### Work task:
Print the data once more, exactly as given. Drop the pictures.
--- Information supplied Enclosed Below ---
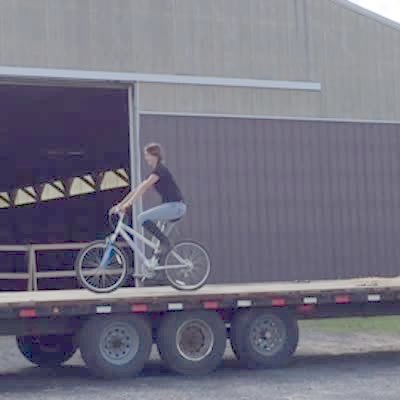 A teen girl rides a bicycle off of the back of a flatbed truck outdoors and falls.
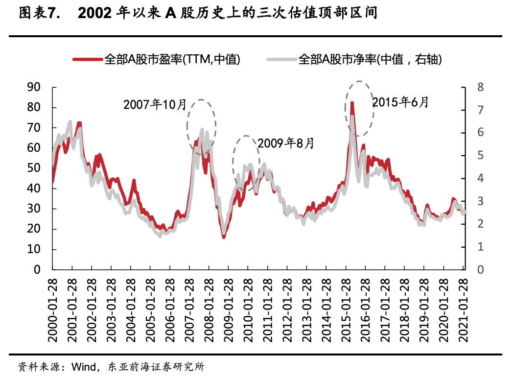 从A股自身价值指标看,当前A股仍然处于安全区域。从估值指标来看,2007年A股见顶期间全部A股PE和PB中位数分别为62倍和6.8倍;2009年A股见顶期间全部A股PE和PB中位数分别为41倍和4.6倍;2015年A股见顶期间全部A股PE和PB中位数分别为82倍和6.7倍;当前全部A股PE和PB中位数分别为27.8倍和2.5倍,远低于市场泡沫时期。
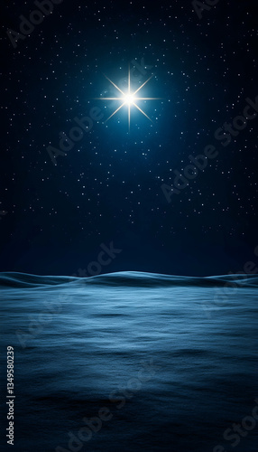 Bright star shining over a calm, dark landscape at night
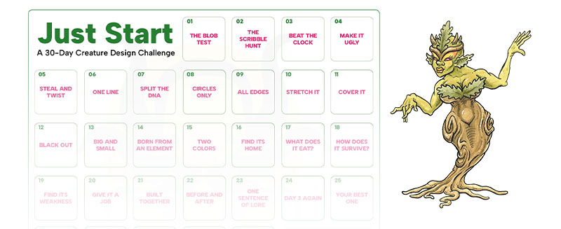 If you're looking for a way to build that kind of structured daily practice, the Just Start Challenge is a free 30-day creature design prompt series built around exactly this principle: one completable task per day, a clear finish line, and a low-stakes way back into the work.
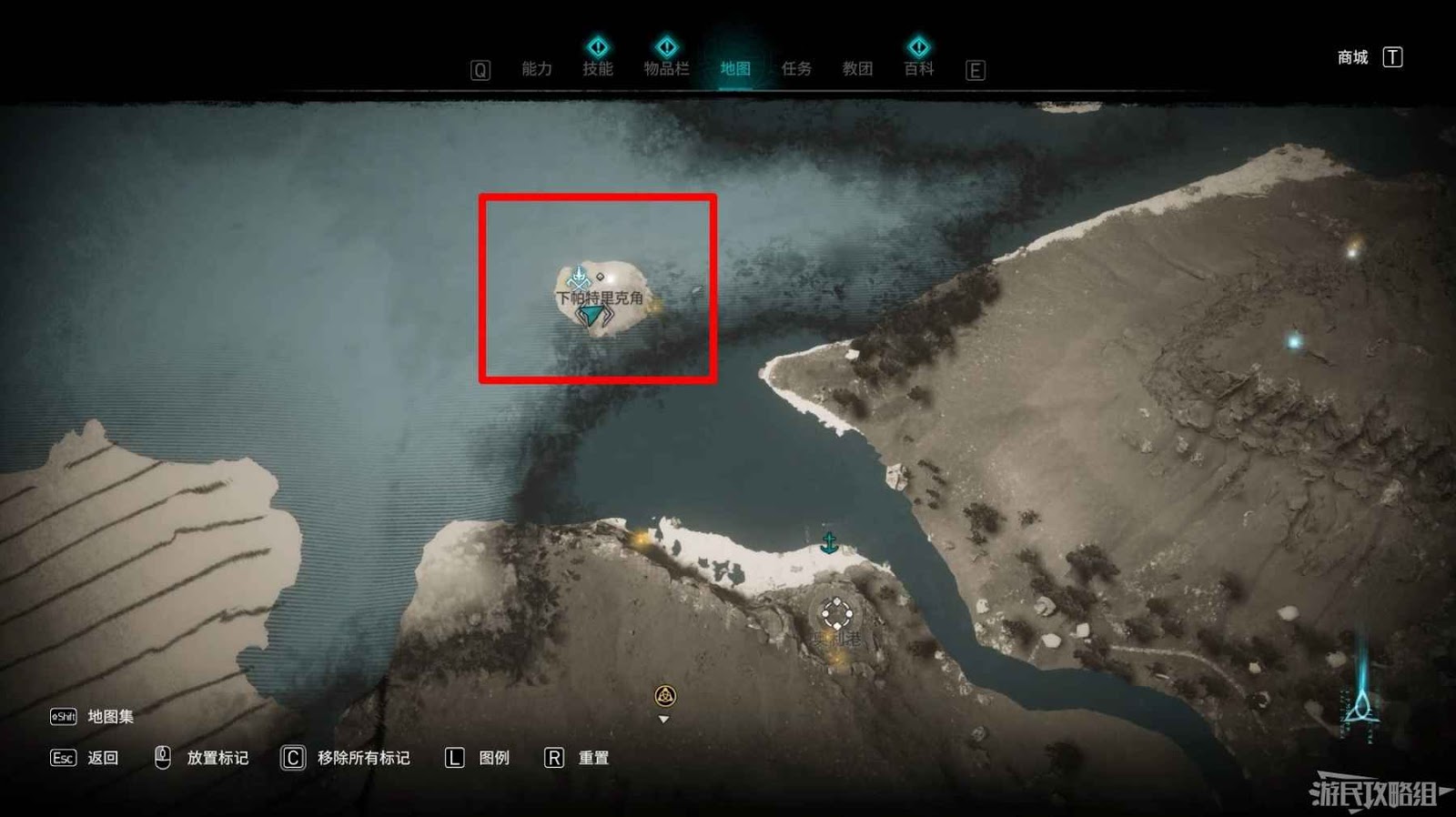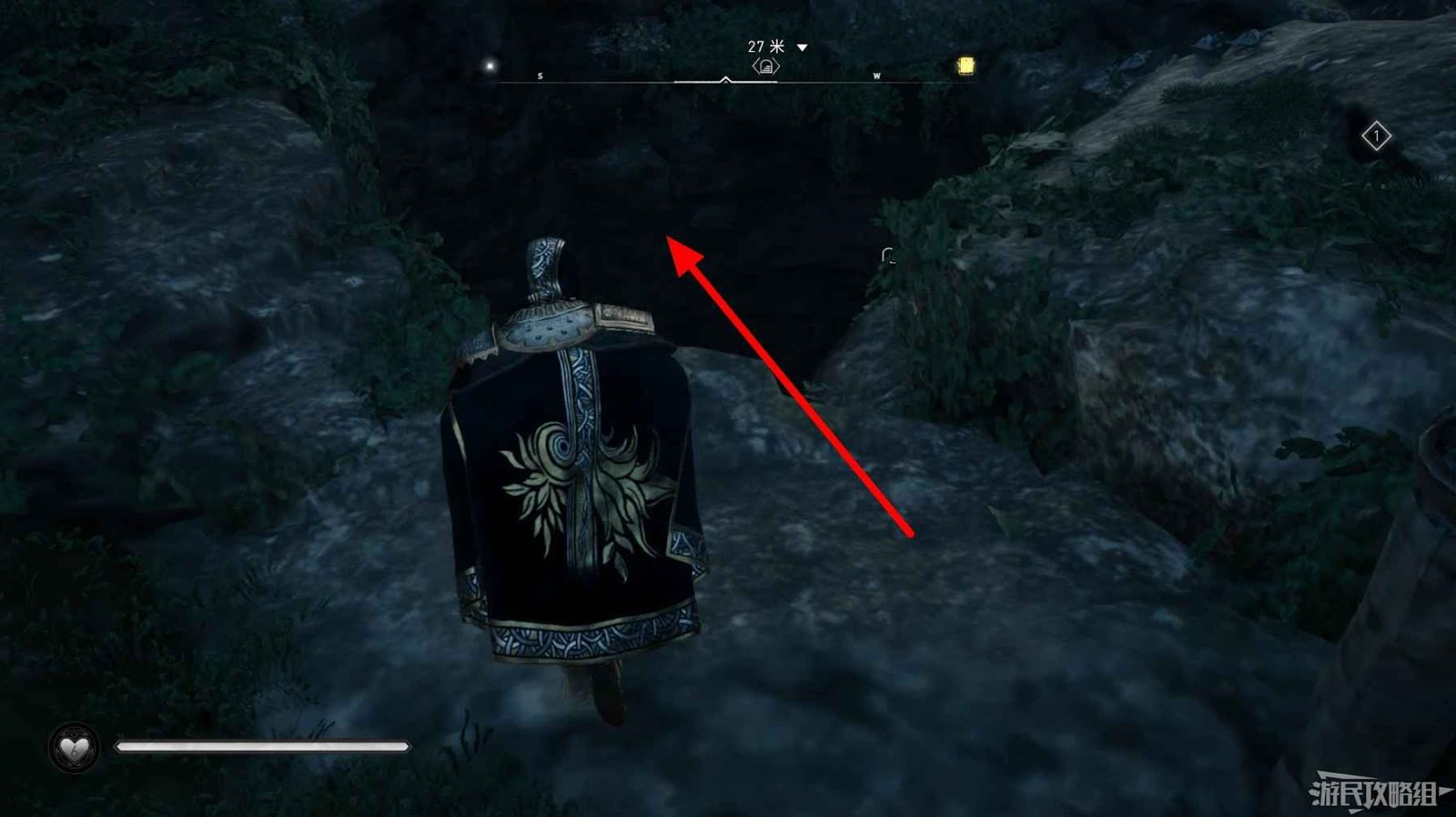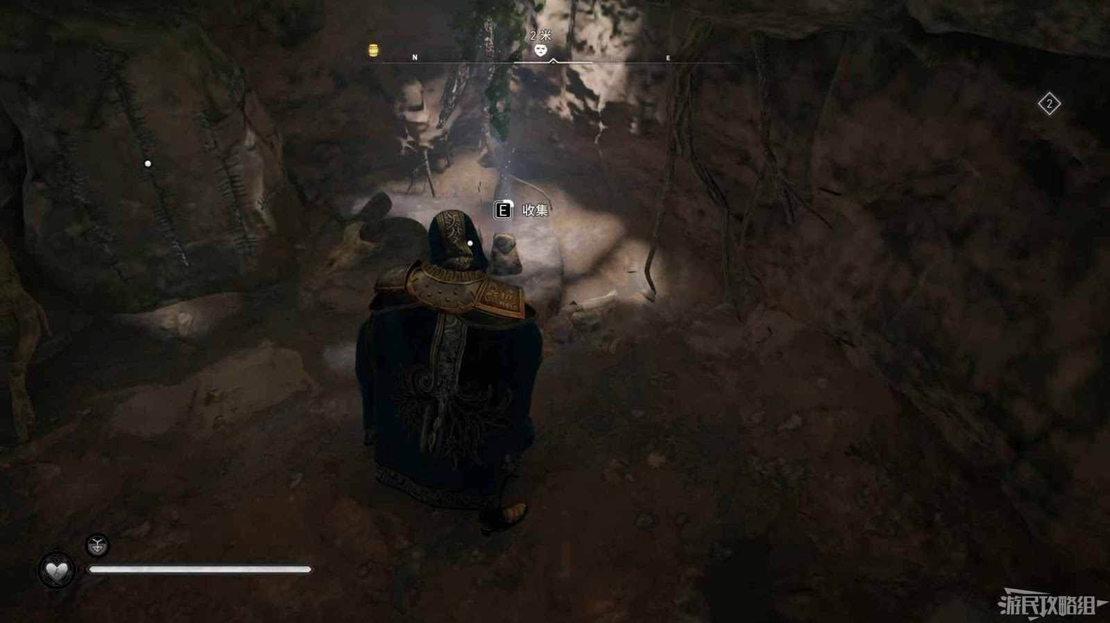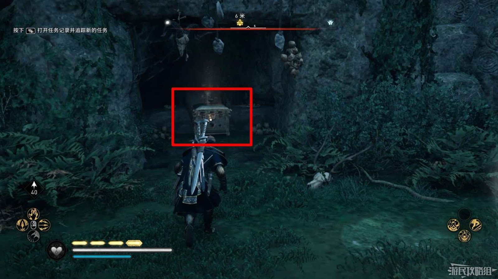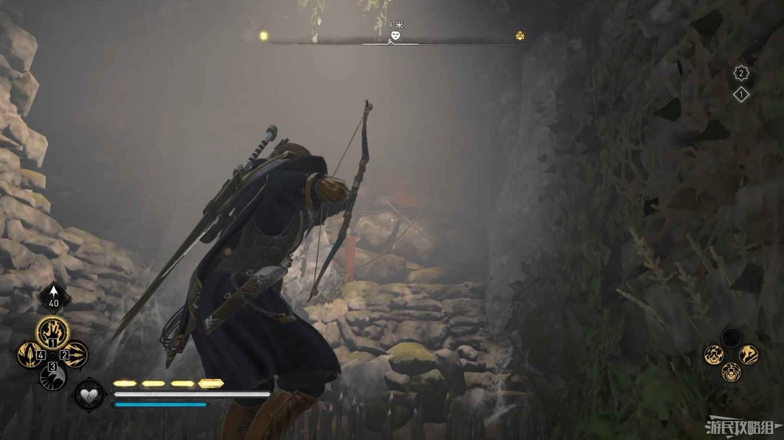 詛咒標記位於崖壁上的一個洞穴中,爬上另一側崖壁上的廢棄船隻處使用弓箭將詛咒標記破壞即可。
--- End of Enclosed Information supplied ---
### Exercise result:
 A teen girl rides a bicycle off of the back of a flatbed truck outdoors and falls.
 从A股自身价值指标看,当前A股仍然处于安全区域。从估值指标来看,2007年A股见顶期间全部A股PE和PB中位数分别为62倍和6.8倍;2009年A股见顶期间全部A股PE和PB中位数分别为41倍和4.6倍;2015年A股见顶期间全部A股PE和PB中位数分别为82倍和6.7倍;当前全部A股PE和PB中位数分别为27.8倍和2.5倍,远低于市场泡沫时期。
 Bright star shining over a calm, dark landscape at night
 If you're looking for a way to build that kind of structured daily practice, the Just Start Challenge is a free 30-day creature design prompt series built around exactly this principle: one completable task per day, a clear finish line, and a low-stakes way back into the work.
 詛咒標記位於崖壁上的一個洞穴中,爬上另一側崖壁上的廢棄船隻處使用弓箭將詛咒標記破壞即可。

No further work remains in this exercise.